Stykkishólmur

The original plan for the end of our trip included several days in the Vestfirðir, that is, the Westfjords, the sparsely populated fjords of the northwest.

The attraction of the Westfjords was puffins, specifically, those at the Látrabjarg cliffs. But, we were lucky enough to have seen puffins on the east coast, so we altered our itinerary to stay three nights in the fishing village of Stykkishólmur, instead.

We lodged there at the Akkeri Guesthouse, down toward the harbor, circled in red on the map, below:

The Akkeri (translation: Anchor) was a pleasant surprise, and my favorite stay in Iceland.
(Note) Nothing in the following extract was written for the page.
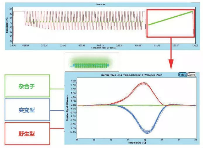 通过对仪器生成的高分辨率熔解数据进行归一化和温度平移处理,结合可由用户选择的差异显示图,可以非常客观地判断一批样本中不同的基因型的数量。

It was previously a restaurant, operated by the friendly current owner, a local fisherman called Steini, and his Hungarian partner, Krisztina, who we got to know pretty well during our stay there.

Here’s a view out the window of the common breakfast room. There were two very good restaurants within walking distance for dinner.

We used the village of Stykkishólmur as a base from which to explore the Snæfellsnes peninsula. For the most part, we had good weather during our time here.

One day, returning to the village early, we walked down to the harbor and hiked up to the top of the island on the harbor’s far side. I took this photo from there, looking back toward the village:

There’s a lighthouse up top…

… and the ferry to the Westfjords docks on the island side of the harbor.

On our second day at the Akkeri, Steini offered to show me his fishing boat. So the next morning, we went down to the harbor and he surprised me by asking if I’d like to go for a little ride!

Steini, by the way, means “stone” in Icelandic. It’s a nickname given to most men named “þorsteinn” (Thorsteinn). You’d have to be tough as a stone to be a fisherman in these waters.

Off we go! Steini fishes alone, often going offshore as much as 35 miles. He fishes with lines rigged with a type of spoon lure, four hooks to a rig. You can see several rigs off to the left, below.

He has four motorized and computer-assisted reels that he can program for different depths and jigging patterns. Quite high tech.

We motored out to and around Þórishólmi (Thorisholmi) Island. There’s a 12-foot tide here. Thorisholmi Island is shaped like a heart. Legend has it that a fisherman caught a mermaid named Thora here and they fell in love. He supposedly named the island after her.

Steini named his boat after Krisztina. The legend endures.